▶ TO DO:
Using the listing below, print the line containing "Pat continental tapitat", the line containing "Based on a comparison", and each line between them, exactly and nothing else. Pictures stay out of the print.

▶ DATA RECORDS:
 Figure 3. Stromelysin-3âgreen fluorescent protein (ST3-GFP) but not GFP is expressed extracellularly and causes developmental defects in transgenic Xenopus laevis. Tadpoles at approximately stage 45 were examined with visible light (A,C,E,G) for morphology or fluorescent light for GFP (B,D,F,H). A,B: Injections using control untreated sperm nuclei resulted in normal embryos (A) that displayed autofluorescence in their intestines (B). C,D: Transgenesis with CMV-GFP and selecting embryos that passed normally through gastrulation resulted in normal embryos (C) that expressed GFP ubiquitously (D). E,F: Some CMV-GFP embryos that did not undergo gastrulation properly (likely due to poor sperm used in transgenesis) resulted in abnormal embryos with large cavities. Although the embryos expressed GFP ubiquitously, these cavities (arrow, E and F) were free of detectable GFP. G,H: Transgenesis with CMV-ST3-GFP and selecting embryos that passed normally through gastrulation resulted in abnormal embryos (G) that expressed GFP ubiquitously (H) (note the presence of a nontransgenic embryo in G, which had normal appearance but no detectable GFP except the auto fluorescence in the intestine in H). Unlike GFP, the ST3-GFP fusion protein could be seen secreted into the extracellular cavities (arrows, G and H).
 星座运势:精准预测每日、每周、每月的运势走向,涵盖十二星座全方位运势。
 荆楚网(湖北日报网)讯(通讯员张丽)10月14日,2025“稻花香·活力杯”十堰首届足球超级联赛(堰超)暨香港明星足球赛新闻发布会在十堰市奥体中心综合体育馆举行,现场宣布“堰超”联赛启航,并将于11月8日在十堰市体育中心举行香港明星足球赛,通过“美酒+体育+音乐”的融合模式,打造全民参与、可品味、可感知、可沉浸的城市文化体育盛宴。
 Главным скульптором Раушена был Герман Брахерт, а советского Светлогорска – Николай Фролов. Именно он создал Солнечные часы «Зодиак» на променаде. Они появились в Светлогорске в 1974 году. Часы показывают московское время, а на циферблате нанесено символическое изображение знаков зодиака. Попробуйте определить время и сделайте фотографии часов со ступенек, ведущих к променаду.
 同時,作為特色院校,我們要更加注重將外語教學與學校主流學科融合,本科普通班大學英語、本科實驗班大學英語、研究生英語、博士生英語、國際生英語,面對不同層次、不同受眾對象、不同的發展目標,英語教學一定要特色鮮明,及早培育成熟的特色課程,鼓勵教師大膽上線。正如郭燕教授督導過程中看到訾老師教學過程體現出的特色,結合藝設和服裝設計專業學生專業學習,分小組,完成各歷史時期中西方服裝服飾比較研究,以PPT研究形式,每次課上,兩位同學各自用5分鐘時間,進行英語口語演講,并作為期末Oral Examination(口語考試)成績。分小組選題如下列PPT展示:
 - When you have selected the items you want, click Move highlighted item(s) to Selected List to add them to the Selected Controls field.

==

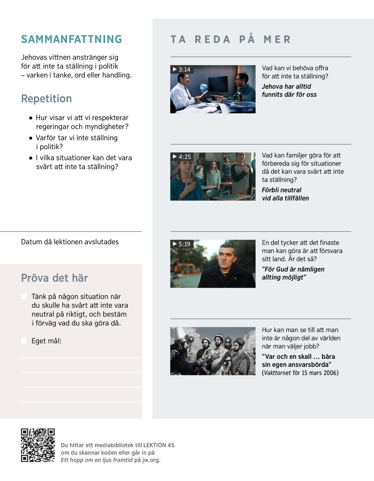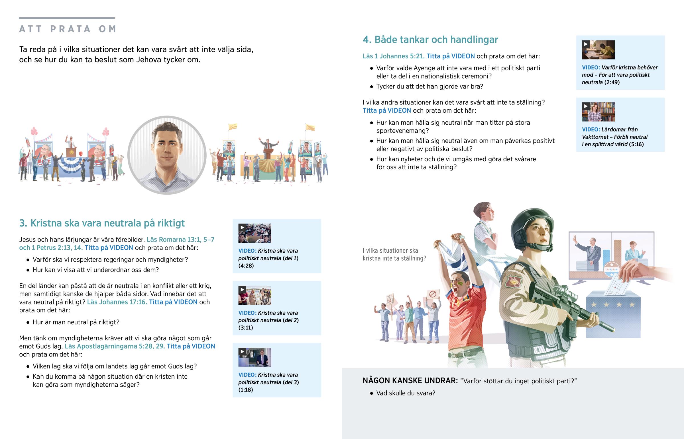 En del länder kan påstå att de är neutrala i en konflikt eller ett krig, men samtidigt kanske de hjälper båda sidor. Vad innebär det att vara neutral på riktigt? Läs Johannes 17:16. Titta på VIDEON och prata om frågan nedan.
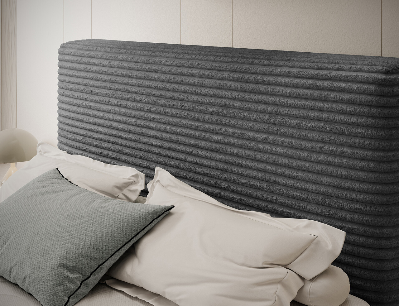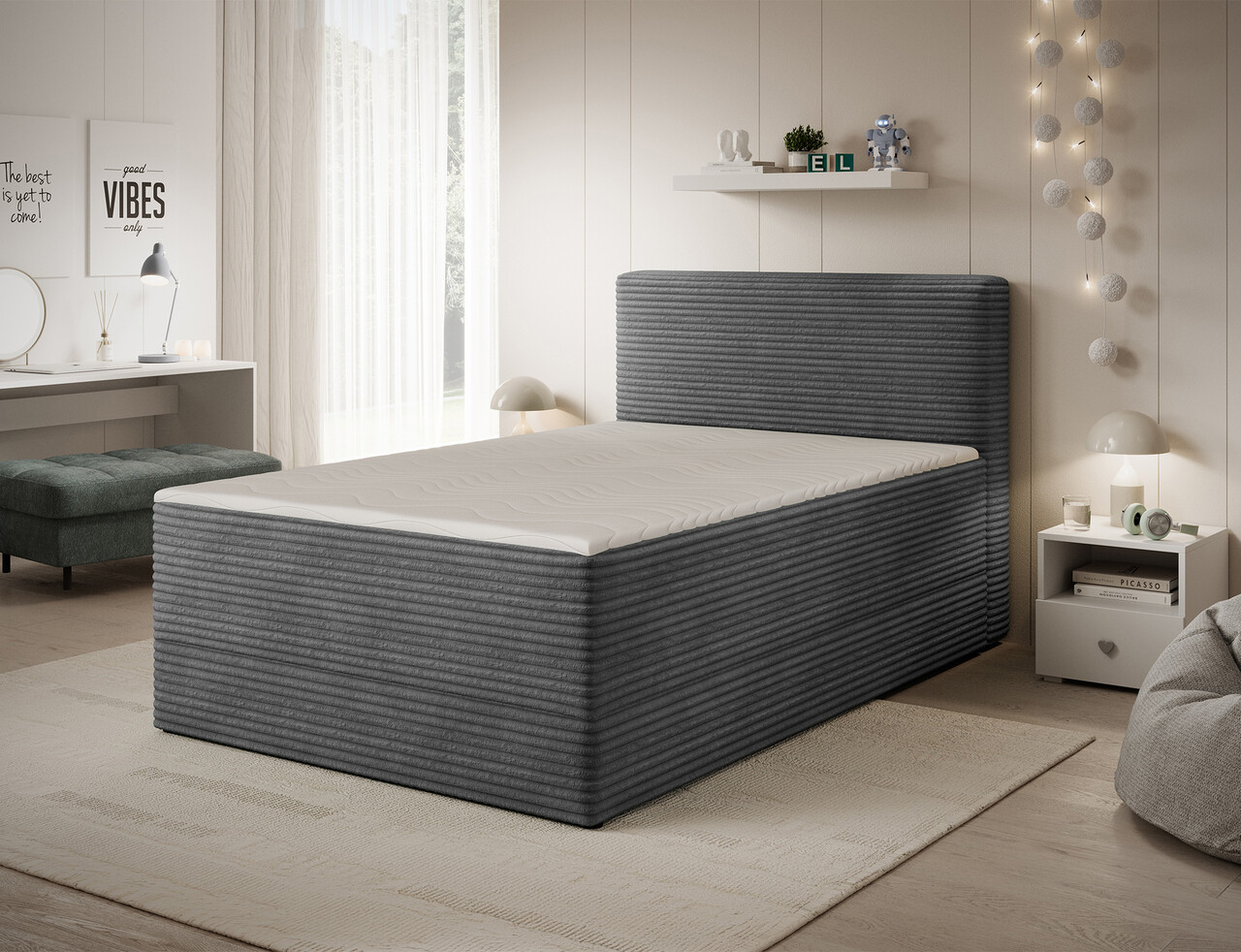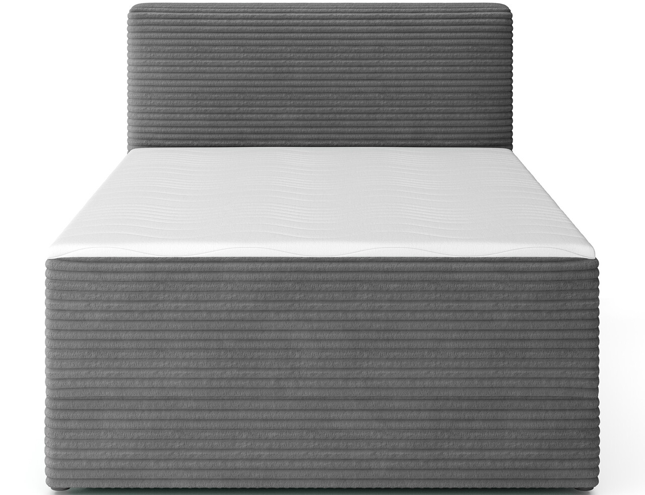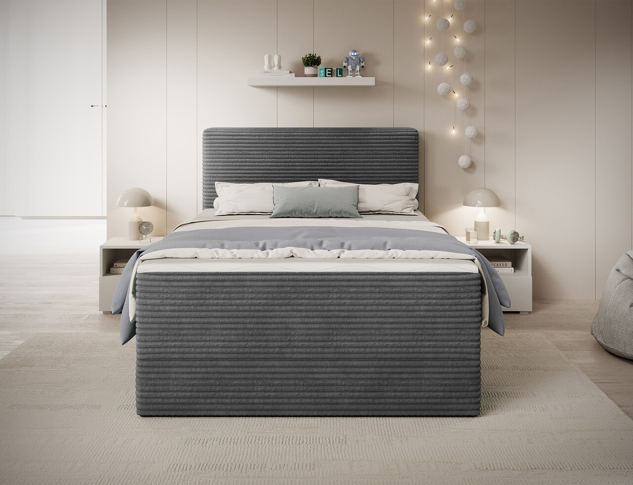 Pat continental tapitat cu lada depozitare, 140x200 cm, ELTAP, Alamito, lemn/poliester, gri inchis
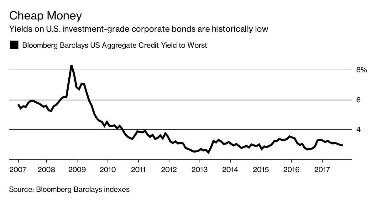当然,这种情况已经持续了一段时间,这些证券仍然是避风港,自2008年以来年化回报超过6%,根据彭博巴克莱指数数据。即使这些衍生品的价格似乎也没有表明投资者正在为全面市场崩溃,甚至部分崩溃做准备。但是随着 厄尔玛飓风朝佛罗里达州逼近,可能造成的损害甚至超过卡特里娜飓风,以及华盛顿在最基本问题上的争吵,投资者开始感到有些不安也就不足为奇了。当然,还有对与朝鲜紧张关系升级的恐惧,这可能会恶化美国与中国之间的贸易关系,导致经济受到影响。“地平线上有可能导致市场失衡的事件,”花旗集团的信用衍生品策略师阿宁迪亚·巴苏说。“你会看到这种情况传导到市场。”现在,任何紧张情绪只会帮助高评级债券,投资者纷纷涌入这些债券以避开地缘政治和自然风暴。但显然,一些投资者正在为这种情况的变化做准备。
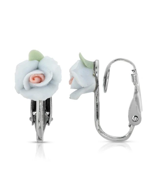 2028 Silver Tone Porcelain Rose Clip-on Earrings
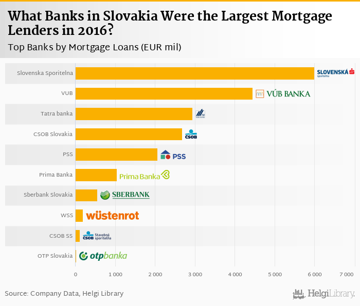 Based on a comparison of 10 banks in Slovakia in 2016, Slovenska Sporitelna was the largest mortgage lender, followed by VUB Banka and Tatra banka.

...

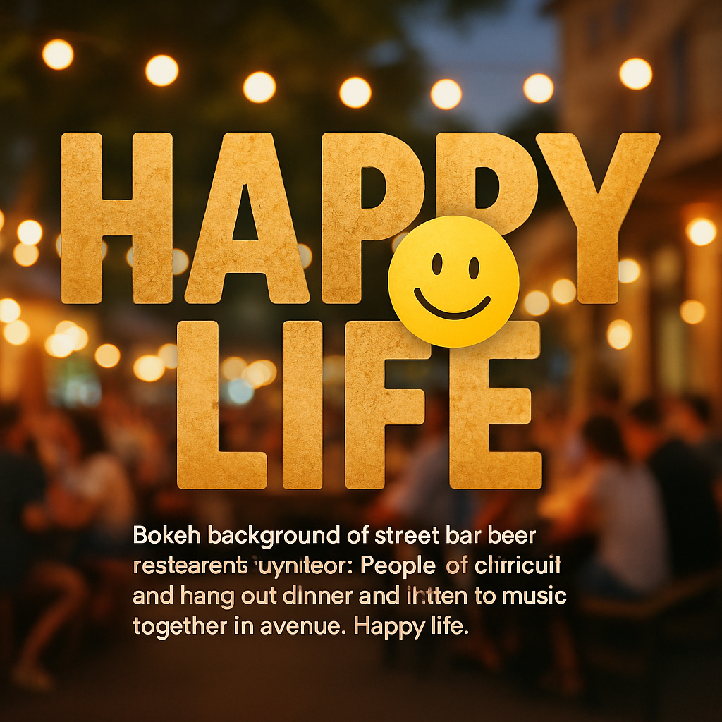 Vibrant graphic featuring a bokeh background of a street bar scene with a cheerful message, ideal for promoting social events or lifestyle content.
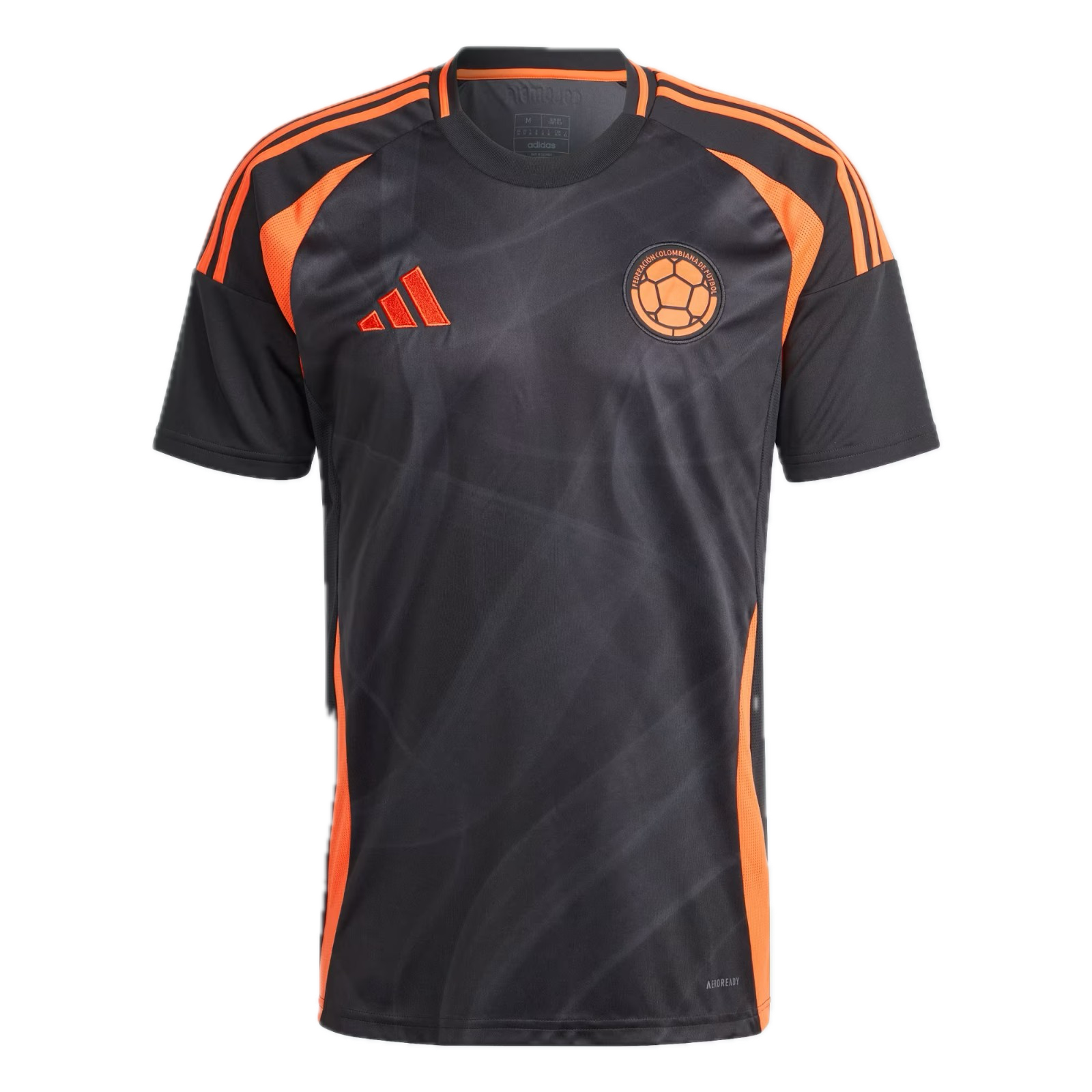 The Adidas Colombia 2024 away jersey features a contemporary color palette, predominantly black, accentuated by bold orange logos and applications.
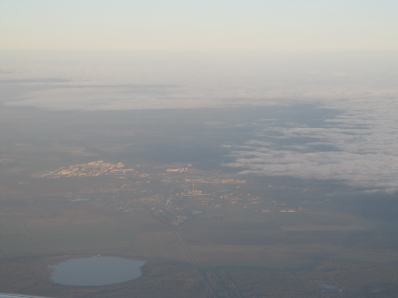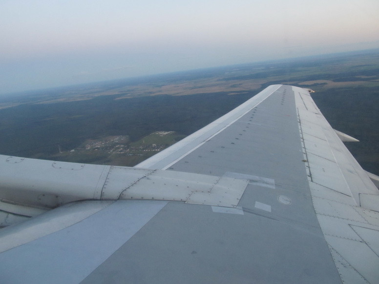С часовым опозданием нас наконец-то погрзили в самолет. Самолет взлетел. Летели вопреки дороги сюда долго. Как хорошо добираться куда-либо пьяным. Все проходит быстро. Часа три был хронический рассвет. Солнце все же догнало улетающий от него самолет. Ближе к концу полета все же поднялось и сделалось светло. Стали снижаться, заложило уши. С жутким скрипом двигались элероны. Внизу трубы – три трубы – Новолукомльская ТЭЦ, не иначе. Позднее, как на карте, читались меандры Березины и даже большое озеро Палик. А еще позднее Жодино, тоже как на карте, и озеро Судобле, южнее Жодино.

▶ OUTPUT OF THE TASK:
 Pat continental tapitat cu lada depozitare, 140x200 cm, ELTAP, Alamito, lemn/poliester, gri inchis
当然,这种情况已经持续了一段时间,这些证券仍然是避风港,自2008年以来年化回报超过6%,根据彭博巴克莱指数数据。即使这些衍生品的价格似乎也没有表明投资者正在为全面市场崩溃,甚至部分崩溃做准备。但是随着 厄尔玛飓风朝佛罗里达州逼近,可能造成的损害甚至超过卡特里娜飓风,以及华盛顿在最基本问题上的争吵,投资者开始感到有些不安也就不足为奇了。当然,还有对与朝鲜紧张关系升级的恐惧,这可能会恶化美国与中国之间的贸易关系,导致经济受到影响。“地平线上有可能导致市场失衡的事件,”花旗集团的信用衍生品策略师阿宁迪亚·巴苏说。“你会看到这种情况传导到市场。”现在,任何紧张情绪只会帮助高评级债券,投资者纷纷涌入这些债券以避开地缘政治和自然风暴。但显然,一些投资者正在为这种情况的变化做准备。
 2028 Silver Tone Porcelain Rose Clip-on Earrings
 Based on a comparison of 10 banks in Slovakia in 2016, Slovenska Sporitelna was the largest mortgage lender, followed by VUB Banka and Tatra banka.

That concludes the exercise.